══ Record excerpts ══

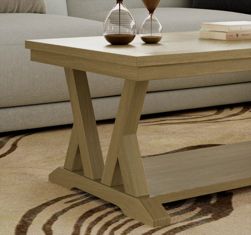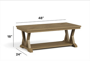 Elevate your living space with the Flexsteel Lattice Coffee Table, a perfect blend of strength, style, and craftsmanship. Designed with a farmhouse-inspired lattice base and a durable solid wood frame, this table offers both beauty and functionality. Its warm oak finish highlights the natural grain, creating a cozy and inviting centerpiece for your living room. Ideal for modern, rustic, or transitional interiors, the table provides ample surface space for d cor, drinks, or magazines plus a sturdy lower shelf for added storage. Built by Flexsteel, a trusted name in quality furniture, this piece combines durability with timeless design. Features: Crafted from high-quality solid and engineered wood Rustic oak veneer finish complements any d cor Sturdy lattice cross-leg design for added stability Spacious tabletop and lower shelf for display or storage Dimensions: 18 H x 48 W x 28 D
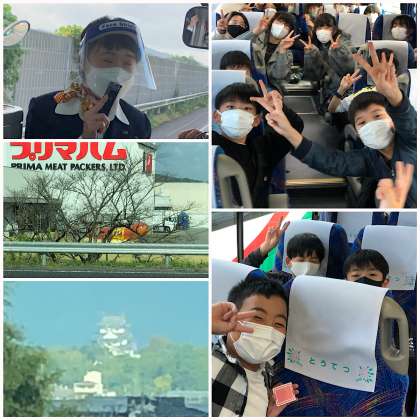 ガイドさんがバスから見える建物の案内をしてくれます。伊賀上野城やウインナー型のバスを見ることができました。
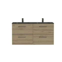 Tiger Reverse Meubelset 80 Cm Met 2 Lades Chalet Eik / Mat Zwart Inclusief Quadro Wastafel Mat Zwart
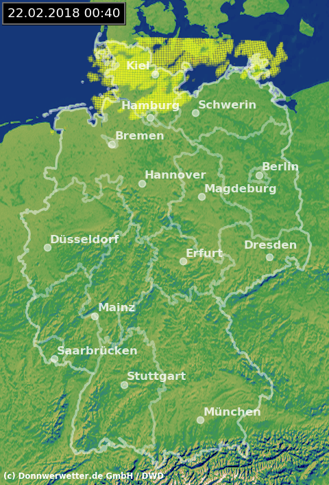 Das Radarbild zeigt aktuell in Schleswig-Holstein, sowie über der Ostsee schwache Signale mit Flocken. Auch am Alpenrand fallen örtlich Flocken. Sonst ist der Himmel über Deutschland teils bewölkt, teils sternenklar.
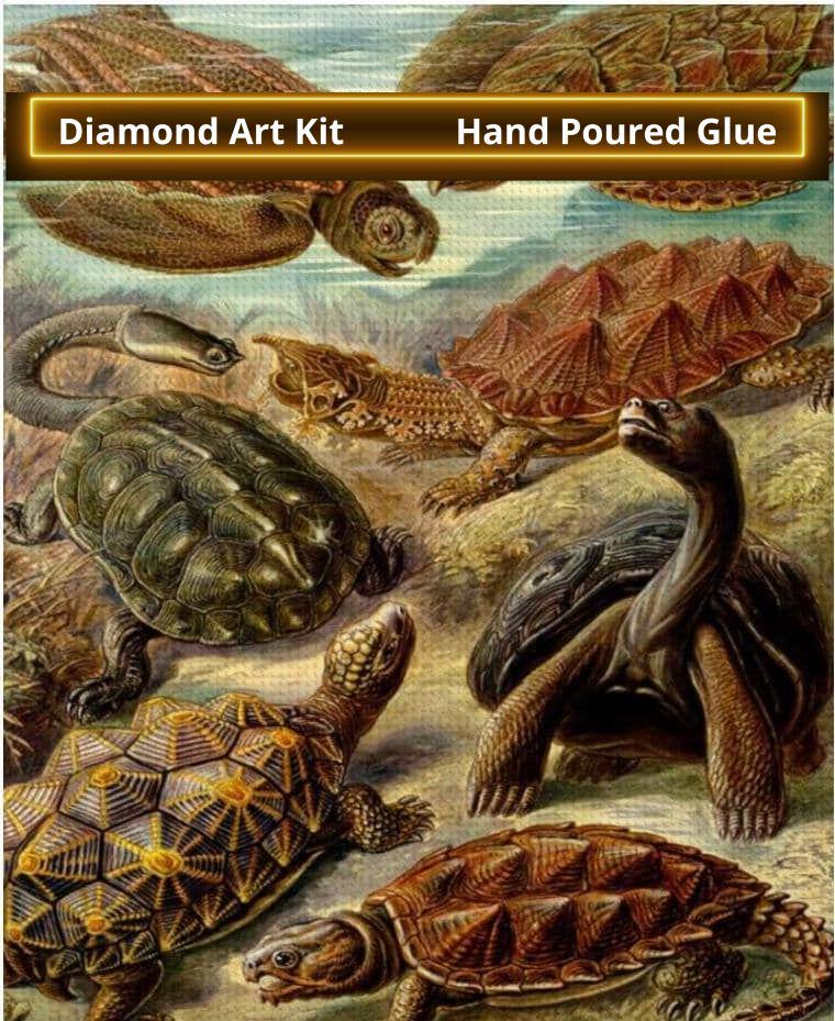 Diamond Painting, Vintage Art by Ernest Haeckel Design, Featuring Turtles, Diamond Paintings, DIY, 16”x20”, Diamond Art
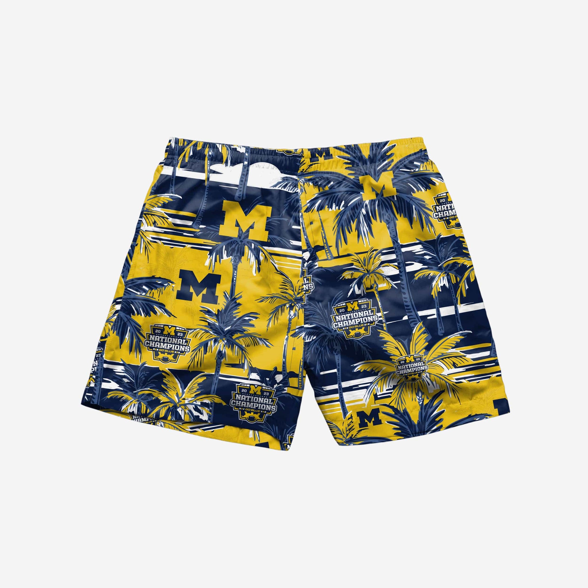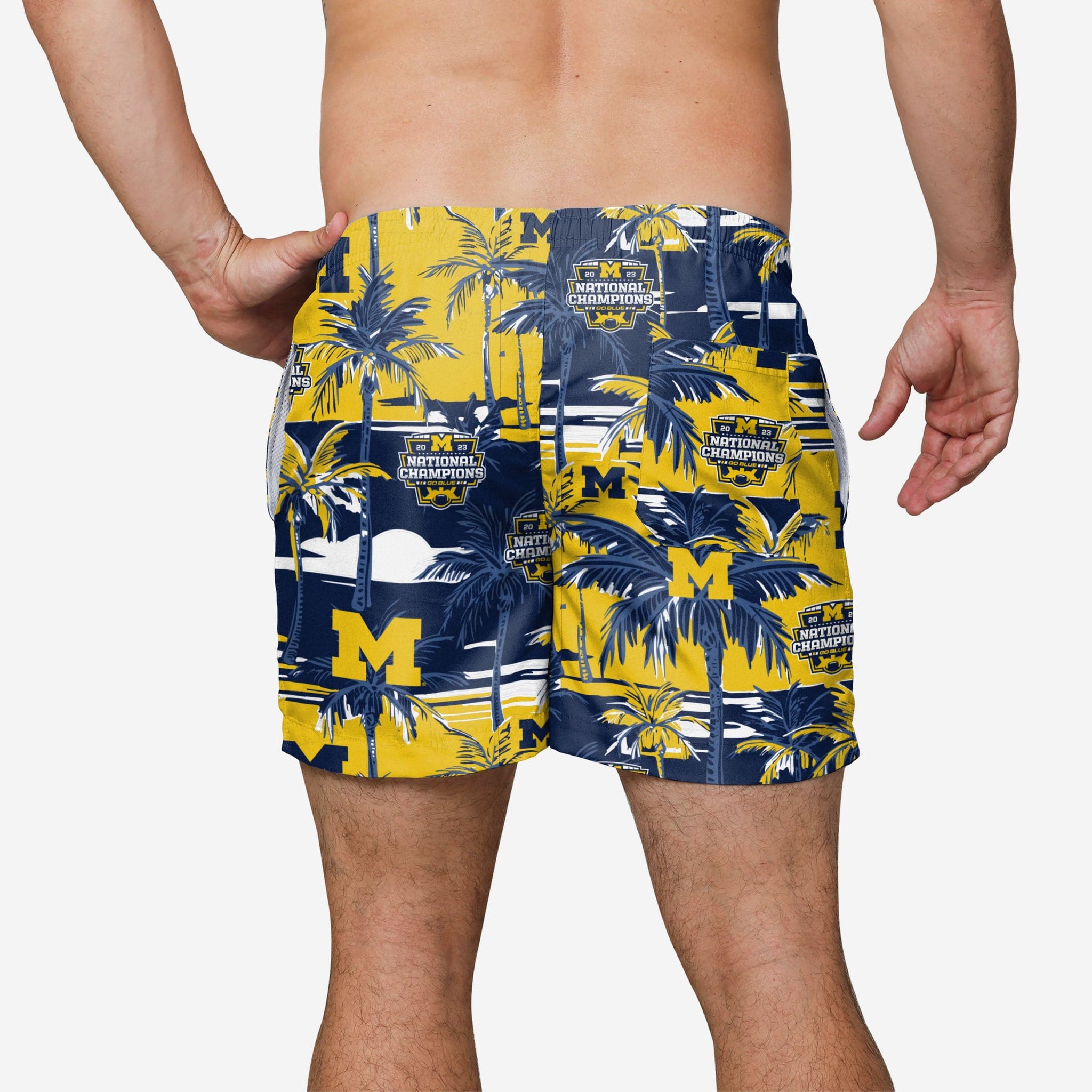 Dive into the deep end of championship fandom and get wild in these Michigan Wolverines 2023 Football National Champions Floral Swimming Trunks.
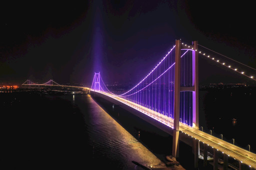 夜色下熠熠生輝的南沙大橋。陳敏 攝
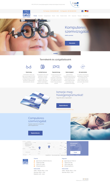 A Pro Optika a 90-es években kezdte meg működését Kapuváron, majd egy Csornai üzlettel bővült a vállalkozás. A rábaközben elismert cég meglévő honlapjával sok probléma merült fel, frissítése bonyolult volt, minden módosításhoz szakemberre volt szükség. Új weboldaluk elkészítése során fontos volt, hogy látogatóikat megfelelően tájékoztathassák akcióikról és legfrissebb híreikről. Az üzlet múltjára való tekintettel elegáns és letisztult honlapot hoztunk létre. Mindkét bolt elérhetőségét külön kezelheti az adminisztrátor, ezen felül a látogatók a kiválasztott üzletben a kiemelt szolgáltatásokra időpontot is foglalhatnak. A weboldal a jelenlegi elvárásoknak megfelelően természetesen mobil eszközökre is optimalizált.
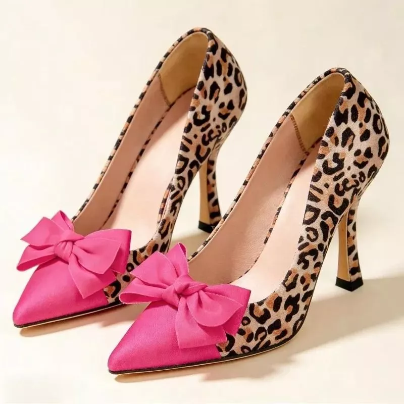 Decolte Eleganti Tacco Alto Leopardate con Fiocco Scarpe a Punta da Sera CF70691
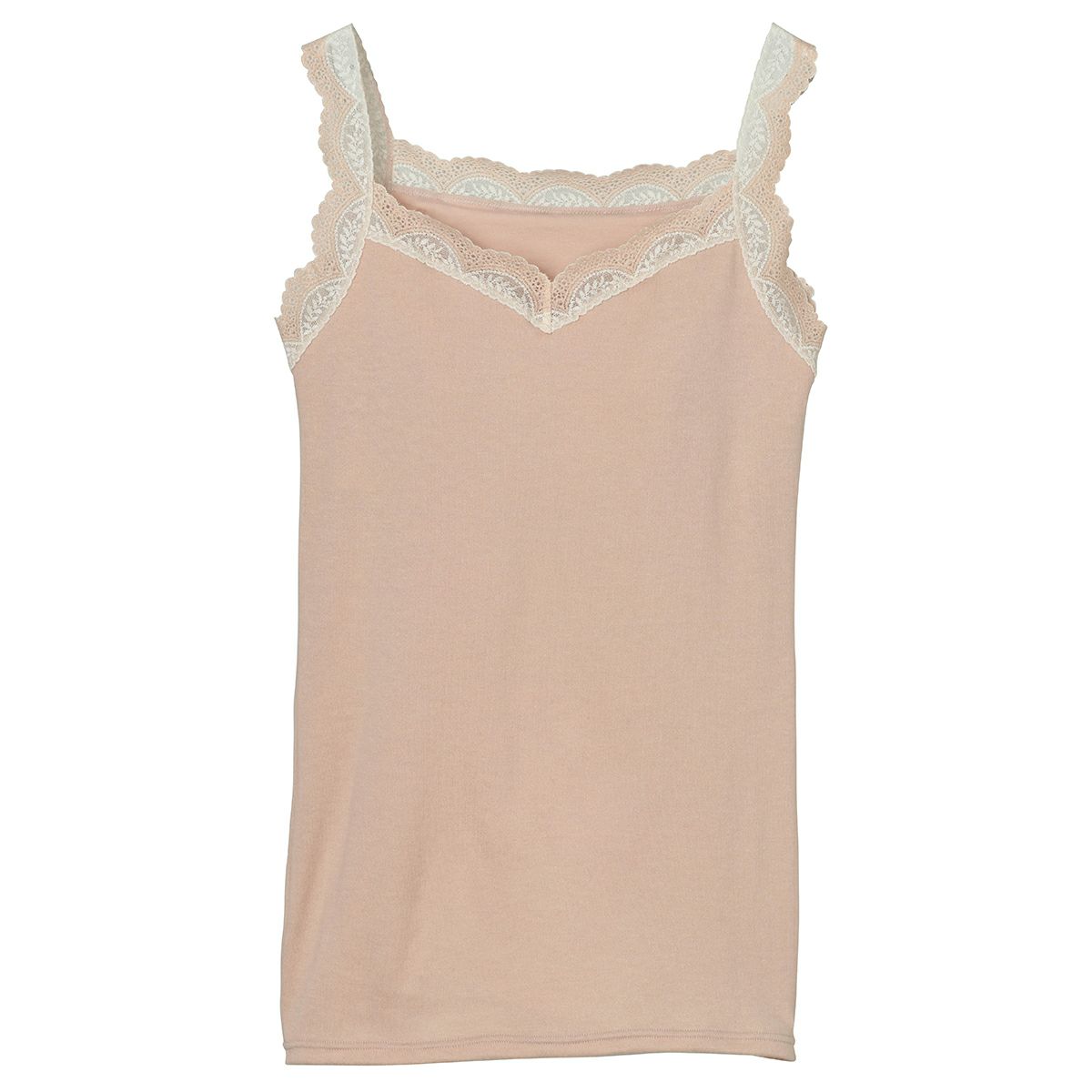【左上】落ち着いたトーンのピンクベージュカラー。存在感のあるレースは、スカラップにあたたかみのあるモール糸を使用。
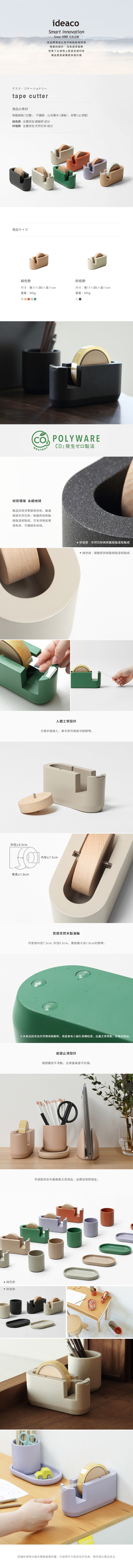 尺寸:(約)W170×D60×H110mm材質:[主體]碳酸鈣、聚酯樹脂、[滾軸]不鏽鋼、山毛櫸木、[防滑墊]矽膠重量:945g耐熱:100℃ 產地:日本授權中國製造適用膠帶尺寸:[內徑]75mm、[外徑]95mm、[寬度]18mm以內※尺寸皆為人工測量,誤差±0.2cm屬正常範圍。
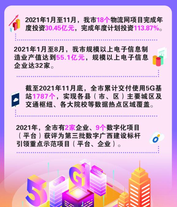 近年來,我市深入實施大數據戰略,大力推進數字基礎設施建設。截至2021年11月底,全市累計交付使用5G基站1787個,實現各縣(市、區)主要城區及交通樞紐、各大院校等數據熱點區域覆蓋;忠德粵桂大數據產業基地正朝著打造廣西技術領先的云數據中心和超算中心的目標加快工程推進……依托數字基礎設施,統一的政務服務數字化底座進一步打牢,初步形成以“壯美廣西·梧州云”“梧州市電子政務外網”“廣西數字政務一體化平臺 (梧州)”等組成的“七個一”基本架構。

═══

■ Problem description
Pictures aside, print exactly the lines above starting with the one containing "ガイドさんがバスから見える建" and going on through the one containing "Tiger Reverse Meubelset".

■ Exercise answer
 ガイドさんがバスから見える建物の案内をしてくれます。伊賀上野城やウインナー型のバスを見ることができました。
 Tiger Reverse Meubelset 80 Cm Met 2 Lades Chalet Eik / Mat Zwart Inclusief Quadro Wastafel Mat Zwart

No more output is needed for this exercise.